シーナとルリエルが、悲鳴に近い声を上げて、彼の元へと駆け寄ろうとする。だが、その行く手を、ゴードンの巨大な腕が、遮った。
「…待て!」
ゴードンの、低い声が響く。「…これは、物理的な攻撃ではない。奴は、ケンジ殿の、精神に、直接、何かをしている…!」

CTOとして、彼は、この異常な現象の本質を、誰よりも早く見抜いていた。だが、見抜いたところで、彼らには、何もできない。
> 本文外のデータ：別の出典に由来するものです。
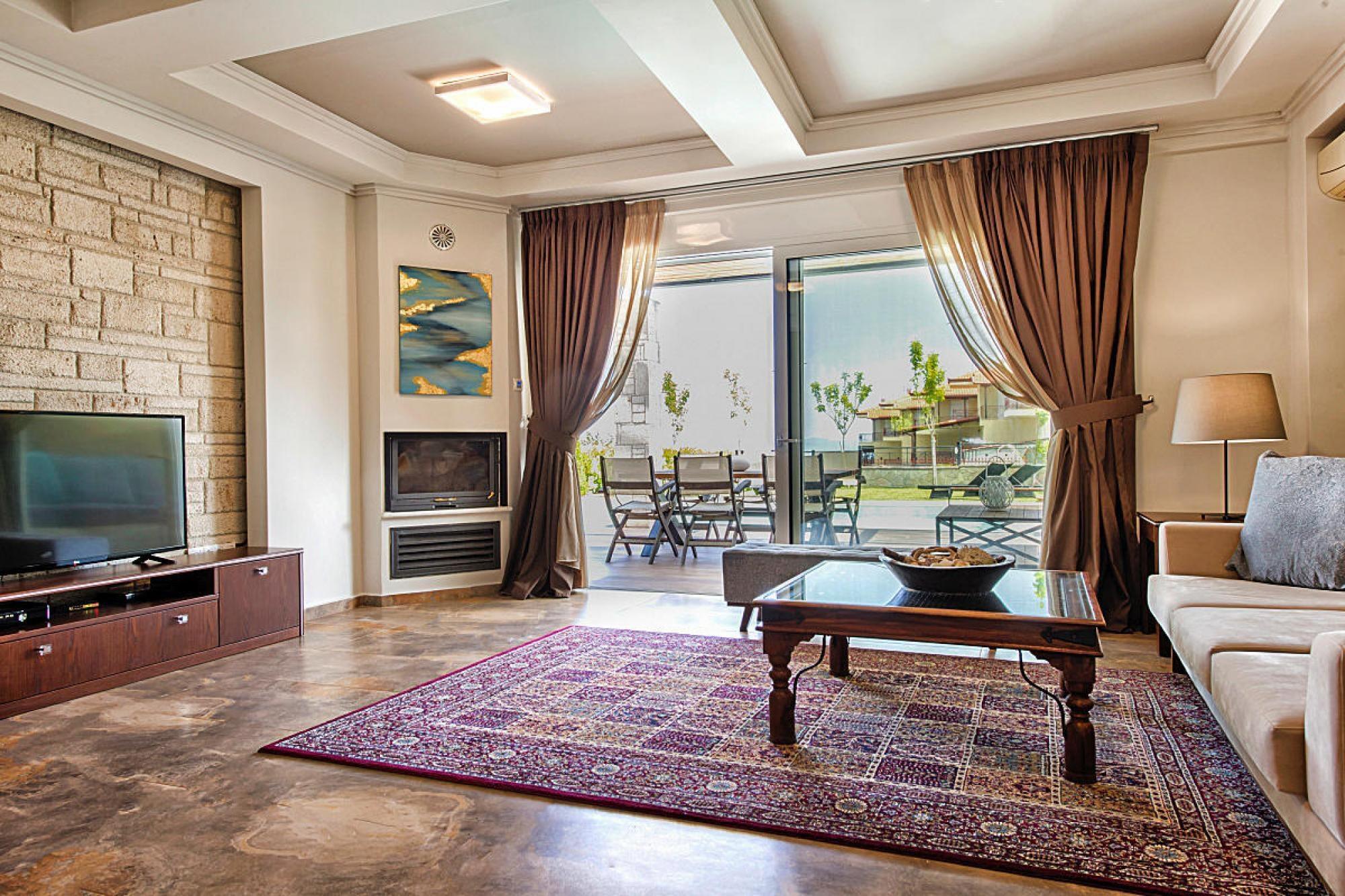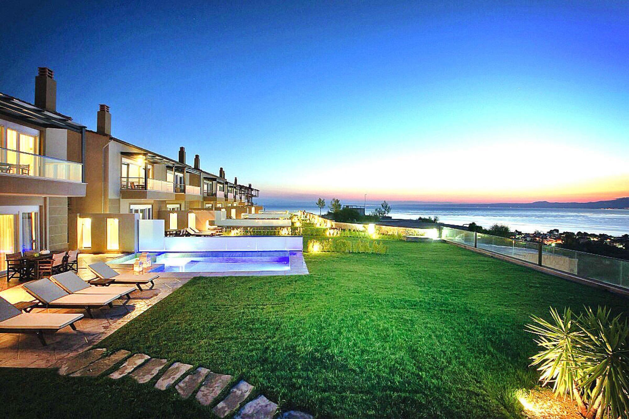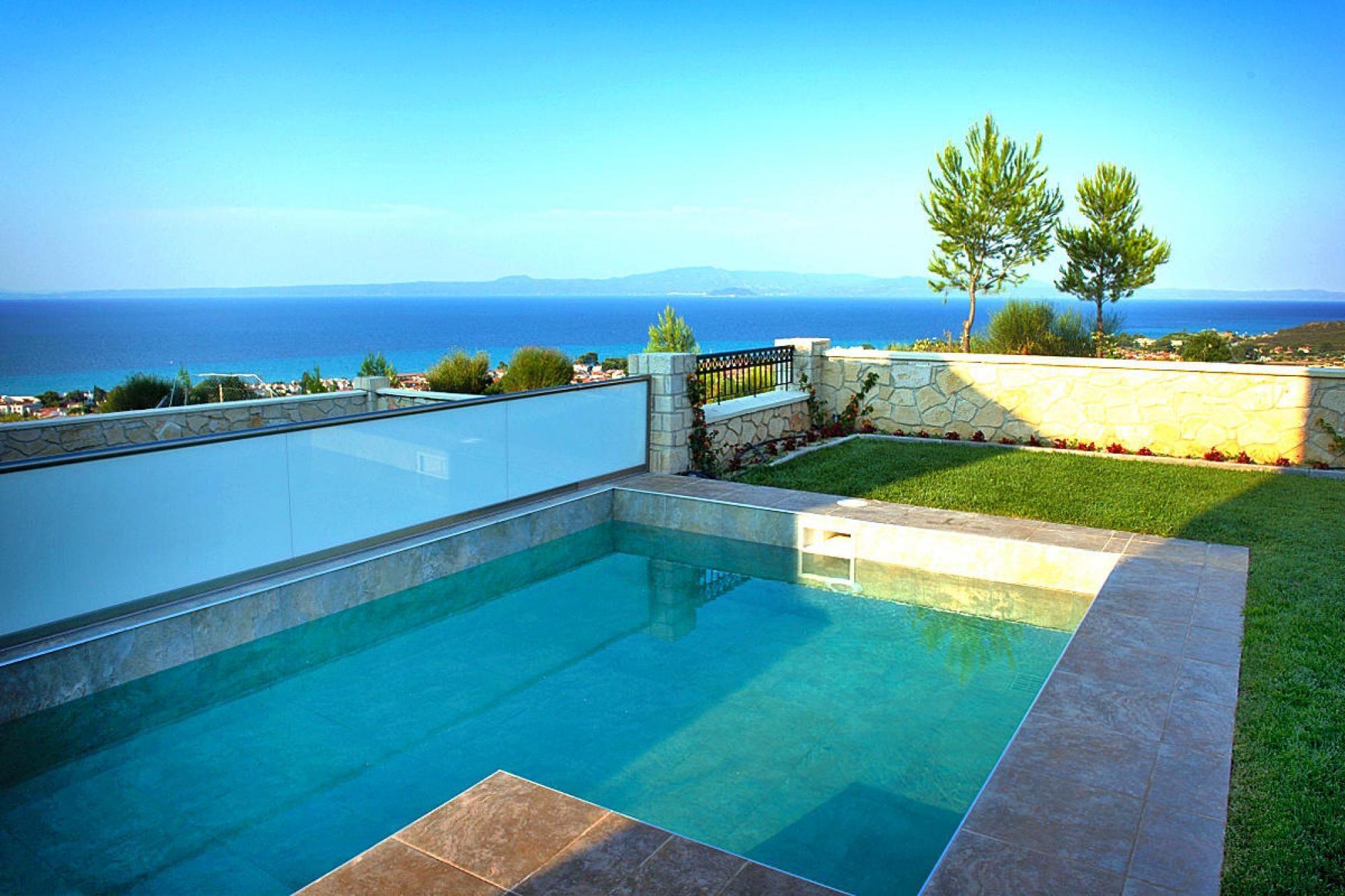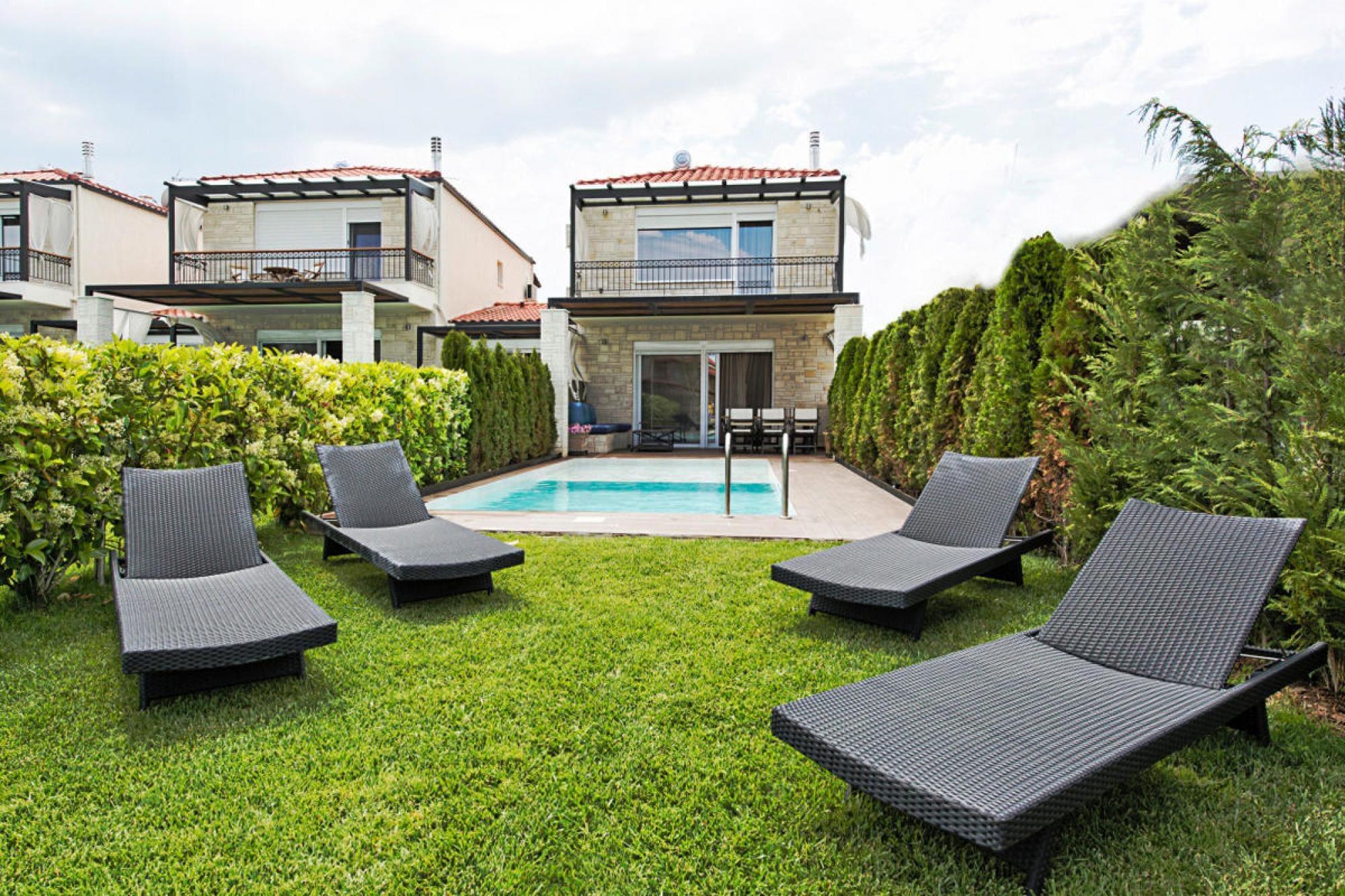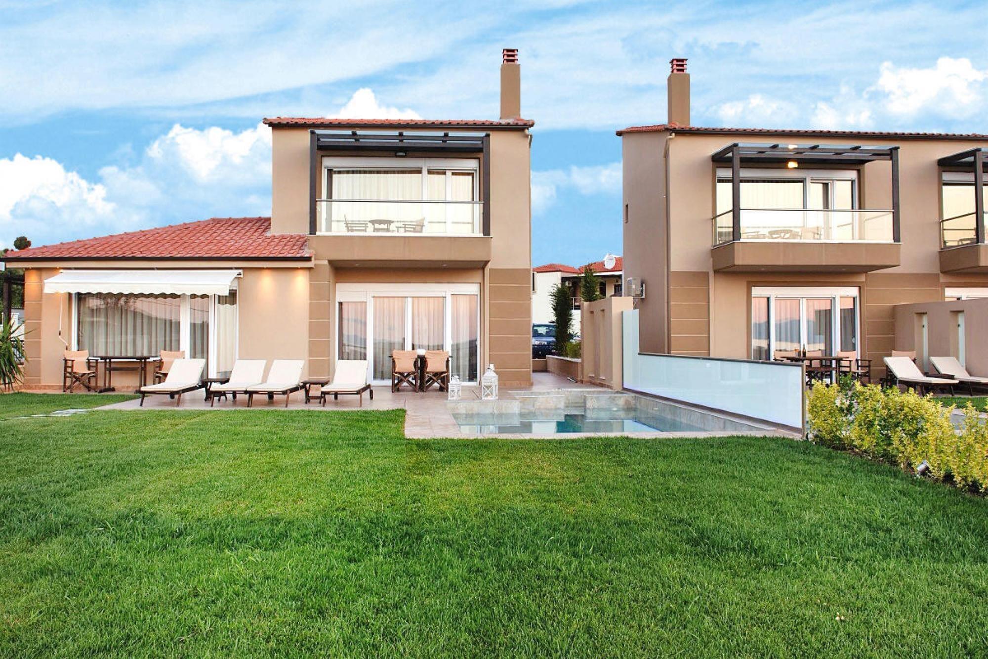 Luksuriøst villakompleks på en imponerende bjergskråning over Chanioti med en vidunderlig udsigt over det blå hav og den modsatte halvø Sithonia. De otte smagfuldt og komfortabelt indrettede feriehuse (bygget i 2014) har hver en velholdt have med en møbleret terrasse og en privat swimmingpool med hydromassage. Her kan du slappe af med en kølig drink og nyde fantastiske solopgange. Et resorts egen SPA med indendørs pool, sauna og fitnessrum er gratis til rådighed for dig. Forskellige wellness-behandlinger kan benyttes mod betaling. Den livlige turistby Chanioti med sin lange sandstrand og smukke promenade ligger omkring 1 km væk. Her finder du et godt udvalg af taverner, caféer, barer og butikker. opvarmet pool for 50 euro om dagen. Tjenester inkluderet: velkomstpakke TRÅDLØS INTERNETADGANG Regelmæssig shuttlebus til stranden og byens centrum Energiomkostninger, sengelinned, håndklæder, slutrengøring Mobilitet: Ikke egnet til personer med nedsat mobilitet

それは、彼らの力が、一切通用しない、次元の違う戦場だった。

仲間たちが、ただ、なすすべもなく、その光景を見守る中。
ケンジの痙攣が、ぴたり、と止まった。
そして、彼は、まるで、すべての糸が切れた人形のように、ゆっくりと、その場に、膝をついた。

彼の両腕は、力なく、だらりと垂れ下がっている。
その顔は、深く、深く、うつむかれ、表情を窺い知ることはできない。
ただ、彼の、プロジェクトマネージャーとしての、そして、このチームのリーダーとしての、すべての誇りと自信が、その身体から、完全に抜け落ちてしまったことだけが、痛いほどに伝わってきた。

「…ボス…?」
シーナの声が、不安に震える。

ケンジは、答えない。
彼は、ただ、その場で、動かない。
まるで、魂を抜き取られた、空っぽの器のように。

そして、ゆっくりと、その顔が、上げられた。
仲間たちは、息をのんだ。

ケンジの、その瞳。
これまで、どんな絶望的な状況でも、決して失われることのなかった、あの揺るぎない、リーダーとしての力強い光。
それが、完全に消え失せていた。
そこにあったのは、ただ、すべてを諦め、すべてを受け入れた、深い、深い虚無の色だけ。

彼の、プロジェクトマネージャーとしての心は、今、この瞬間、完全に死んだのだ。